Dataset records
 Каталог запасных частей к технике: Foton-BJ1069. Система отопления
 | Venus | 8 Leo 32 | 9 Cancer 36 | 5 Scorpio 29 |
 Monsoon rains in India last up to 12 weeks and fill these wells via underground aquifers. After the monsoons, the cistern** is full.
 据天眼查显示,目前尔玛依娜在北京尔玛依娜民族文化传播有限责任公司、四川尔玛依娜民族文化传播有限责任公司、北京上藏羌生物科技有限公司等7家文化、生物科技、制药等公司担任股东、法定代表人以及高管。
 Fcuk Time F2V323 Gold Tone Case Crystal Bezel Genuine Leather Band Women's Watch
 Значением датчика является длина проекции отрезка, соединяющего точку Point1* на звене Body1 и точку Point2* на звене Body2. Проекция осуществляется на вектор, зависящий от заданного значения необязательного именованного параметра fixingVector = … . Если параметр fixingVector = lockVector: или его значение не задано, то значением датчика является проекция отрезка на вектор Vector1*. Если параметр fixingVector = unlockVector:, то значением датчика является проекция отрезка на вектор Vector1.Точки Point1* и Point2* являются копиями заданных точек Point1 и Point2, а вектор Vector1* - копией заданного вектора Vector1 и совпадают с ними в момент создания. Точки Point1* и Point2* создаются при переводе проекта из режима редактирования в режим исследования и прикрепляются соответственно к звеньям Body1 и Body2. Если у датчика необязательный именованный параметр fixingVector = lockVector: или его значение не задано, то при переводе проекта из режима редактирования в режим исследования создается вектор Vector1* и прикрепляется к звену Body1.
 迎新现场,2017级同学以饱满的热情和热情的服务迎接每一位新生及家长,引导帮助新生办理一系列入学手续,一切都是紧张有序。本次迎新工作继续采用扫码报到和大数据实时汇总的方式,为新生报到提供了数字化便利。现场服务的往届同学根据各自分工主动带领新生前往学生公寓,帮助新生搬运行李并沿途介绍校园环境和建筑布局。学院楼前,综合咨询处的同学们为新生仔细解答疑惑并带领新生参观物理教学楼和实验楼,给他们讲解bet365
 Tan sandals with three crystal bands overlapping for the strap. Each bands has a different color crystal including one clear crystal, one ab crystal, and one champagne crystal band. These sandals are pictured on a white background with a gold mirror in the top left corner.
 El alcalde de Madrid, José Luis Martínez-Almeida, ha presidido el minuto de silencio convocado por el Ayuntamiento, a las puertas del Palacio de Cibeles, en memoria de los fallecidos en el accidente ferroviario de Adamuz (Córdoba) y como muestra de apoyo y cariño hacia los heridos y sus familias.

**Action item**
Starting from the line containing "Значением датчика является длина", repeat each line through the end of the entries, exactly.

**Answer box**
 Значением датчика является длина проекции отрезка, соединяющего точку Point1* на звене Body1 и точку Point2* на звене Body2. Проекция осуществляется на вектор, зависящий от заданного значения необязательного именованного параметра fixingVector = … . Если параметр fixingVector = lockVector: или его значение не задано, то значением датчика является проекция отрезка на вектор Vector1*. Если параметр fixingVector = unlockVector:, то значением датчика является проекция отрезка на вектор Vector1.Точки Point1* и Point2* являются копиями заданных точек Point1 и Point2, а вектор Vector1* - копией заданного вектора Vector1 и совпадают с ними в момент создания. Точки Point1* и Point2* создаются при переводе проекта из режима редактирования в режим исследования и прикрепляются соответственно к звеньям Body1 и Body2. Если у датчика необязательный именованный параметр fixingVector = lockVector: или его значение не задано, то при переводе проекта из режима редактирования в режим исследования создается вектор Vector1* и прикрепляется к звену Body1.
 迎新现场,2017级同学以饱满的热情和热情的服务迎接每一位新生及家长,引导帮助新生办理一系列入学手续,一切都是紧张有序。本次迎新工作继续采用扫码报到和大数据实时汇总的方式,为新生报到提供了数字化便利。现场服务的往届同学根据各自分工主动带领新生前往学生公寓,帮助新生搬运行李并沿途介绍校园环境和建筑布局。学院楼前,综合咨询处的同学们为新生仔细解答疑惑并带领新生参观物理教学楼和实验楼,给他们讲解bet365
 Tan sandals with three crystal bands overlapping for the strap. Each bands has a different color crystal including one clear crystal, one ab crystal, and one champagne crystal band. These sandals are pictured on a white background with a gold mirror in the top left corner.
 El alcalde de Madrid, José Luis Martínez-Almeida, ha presidido el minuto de silencio convocado por el Ayuntamiento, a las puertas del Palacio de Cibeles, en memoria de los fallecidos en el accidente ferroviario de Adamuz (Córdoba) y como muestra de apoyo y cariño hacia los heridos y sus familias.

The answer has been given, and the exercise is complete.